Existing efforts to aid consumers in maintaining active, transportable, and archived PHI files should include paper format. As our study found that health care consumers have a need to discard and back up their PHI, policy makers should consider developing PHI retention and backup guidelines for health care consumers. Tools (paper and digital) for securely storing, backing up, and safely discarding health care consumer–held PHI are also needed.

Hindrances that add to health care consumers’ PHIM burden or interfered with PHIM work need to be resolved. Our study suggests that rather than relieving health care consumers of the burden of sharing their PHI across providers, health care portals have increased individuals’ PHIM workload. Our findings indicate that the fragmented PHI generated by health care provider and insurer portals has resulted in health care consumers extracting medical and financial PHI from clinical and insurance records and entering (or rekeying) it into summary forms. These summary forms help them manage their health and finance and share their PHI with health care providers, insurers, and caregivers.

Research is needed to understand the nature and prevalence of PHI integration into the PHIM of health care consumers. In addition, we urge health care provider and insurer organizations work to reduce their contribution to the PHIM work burden by improving the consistency, clarity, and formatting of the PHI they generate.

CHT solutions are also required to eliminate the integration work of health care consumers. Specifically, we recommend that CHT be developed, which automates the creation of comprehensive current and past health summaries that can be provided to health care consumers in paper and digital formats. Similarly, for financial PHI, CHT is needed to track consumers’ medical bills and insurance claims, flag inconsistencies, and generate claim appeal forms. The tools created should allow easy extraction from patient records and automatic entry into a standard format that can be printed, faxed, and filed electronically.
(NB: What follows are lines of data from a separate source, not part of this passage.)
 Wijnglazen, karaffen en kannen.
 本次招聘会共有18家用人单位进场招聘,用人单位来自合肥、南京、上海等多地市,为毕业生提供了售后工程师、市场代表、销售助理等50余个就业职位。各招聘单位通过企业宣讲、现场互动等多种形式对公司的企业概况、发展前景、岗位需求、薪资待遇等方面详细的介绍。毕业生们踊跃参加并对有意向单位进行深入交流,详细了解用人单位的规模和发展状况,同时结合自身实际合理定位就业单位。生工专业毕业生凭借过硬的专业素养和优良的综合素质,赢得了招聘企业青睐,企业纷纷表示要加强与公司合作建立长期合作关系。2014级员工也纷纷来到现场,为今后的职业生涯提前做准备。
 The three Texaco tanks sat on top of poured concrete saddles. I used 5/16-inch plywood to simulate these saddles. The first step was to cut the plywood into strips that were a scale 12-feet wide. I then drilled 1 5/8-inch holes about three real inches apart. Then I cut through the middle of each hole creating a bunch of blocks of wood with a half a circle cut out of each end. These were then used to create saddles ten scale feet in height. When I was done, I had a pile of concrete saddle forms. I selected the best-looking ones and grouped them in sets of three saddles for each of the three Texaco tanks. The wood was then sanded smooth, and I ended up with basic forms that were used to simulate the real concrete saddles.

In this study, we examined 4 components (person, tasks, tools, and context) of the PHIM work system, paying particular attention to contextual dimensions and interactions among components. We also explored possible pertinent issues related to PHIM, as observed in older adults.
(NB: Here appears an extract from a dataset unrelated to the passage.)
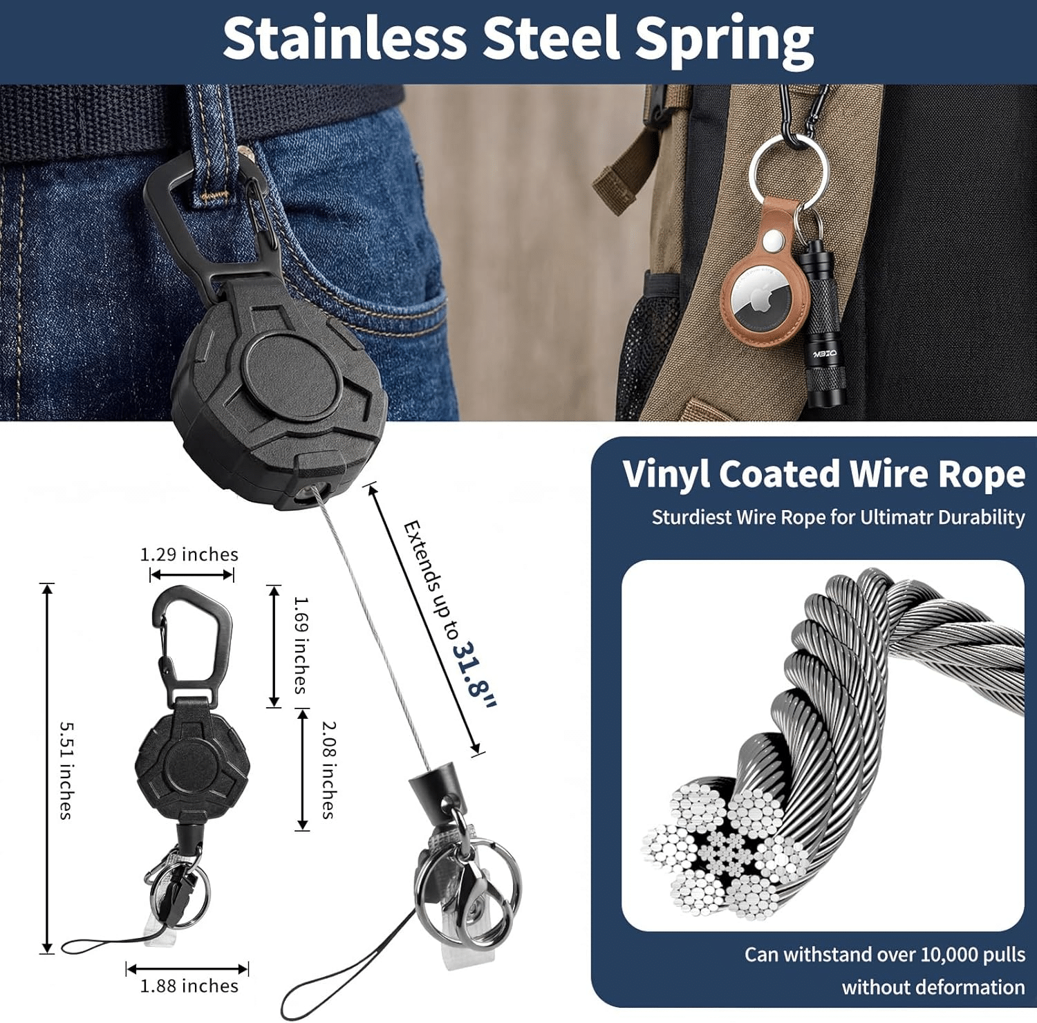 • 31.8-inch Retractable Length: The keychain’s wire rope can extend up to 31.8 inches (80cm), a length that conforms to ergonomic design and meets your retractable requirements for badge reels. No more struggling to find your ID and keys in your pocket or backpack.

In summary, our findings support the assertion [11,70] that the conduct of PHIM work facilitates health care consumers’ management of their health, health care, and health finances. Importantly, we also found that health care consumers’ attributes converged with the organizational contexts within the health system to increase the PHIM workload for consumers. We found that the workload demand was even greater for older adults and those with multiple chronic health conditions or organizing disorders. Furthermore, we found that when the PHIM work burden exceeded the capacity of health care consumers, personal stakeholders were called upon, or voluntarily stepped in, to provide PHIM assistance. Although needed to relieve the workload burden, our findings suggest that the involvement of personal stakeholders added to PHIM work complexity, particularly around maintaining information controls for multiperson access [3,24].
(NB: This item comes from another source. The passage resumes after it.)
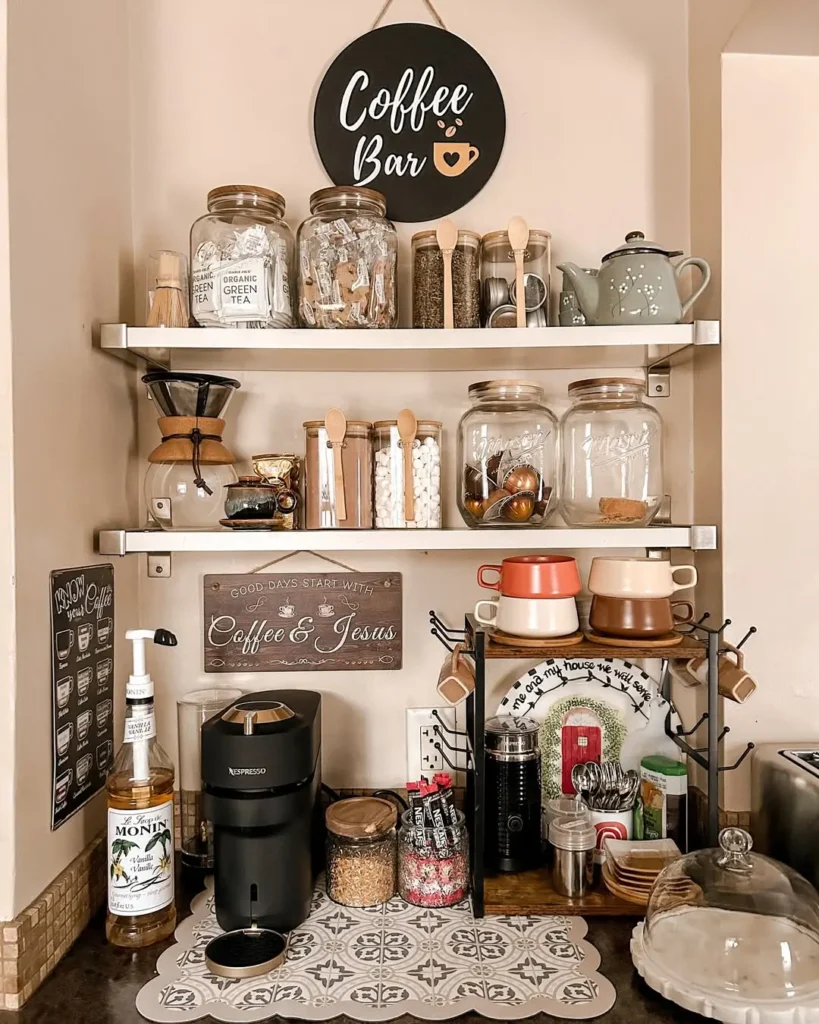 This cozy corner setup by decorfhir proves you do not need a huge space to make a statement. A wooden tiered tray holds daily essentials while a Ninja coffee maker anchors the look.
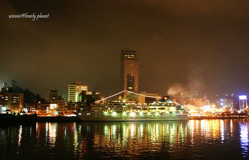 從臺馬輪欣賞基隆港夜景,畫面那艘是麗星郵輪

At a theoretical level, our study contributes to PHIM literature in several ways. First, we specify the social, organizational, and physical contexts. We adopted a systemic approach and used professional organizers as experts to demarcate the definitions and dynamics of the PHIM system components and dimensions (description of the elements and explication of how they interact). This enabled us to address an area of PHIM research that has not been fully clarified, particularly regarding the definition of the context. Second, our analysis yielded detailed information on the interactions among the components of the PHIM system. Our analysis also uncovers the nature of PHIM workload or burden and—notably—points out the role of organizational factors in creating such a burden. Third, we add to the research investigating PHI (paying close attention to health care provider-generated, insurer-generated, and patient-generated PHI and definitions thereof) and PHIM tools (indicating the special role of integration tools).

At a practical level, the results of this study will be valuable to health care providers, policy makers, and system designers. Health care providers may use the insights presented here to remain sensitive to the issues and challenges patients face and offer assistance from an organizational standpoint. Policy makers may develop guidelines and policies concerning PHI protection or retention based on our findings. CHT designers can leverage our findings concerning the role of context in PHIM and the flow of PHI documents throughout PHIM tasks to propose features that would support PHIM or reduce the burden experienced by health care consumers. We also discussed 5 storage dispositions that CHT designers should consider when devising appropriate PHIM solutions.

We encourage further research in this area, particularly in investigating the complexity of PHIM. The burden experienced by patients, especially older adults; PHI definitions or categories; and the management of PHI require further attention.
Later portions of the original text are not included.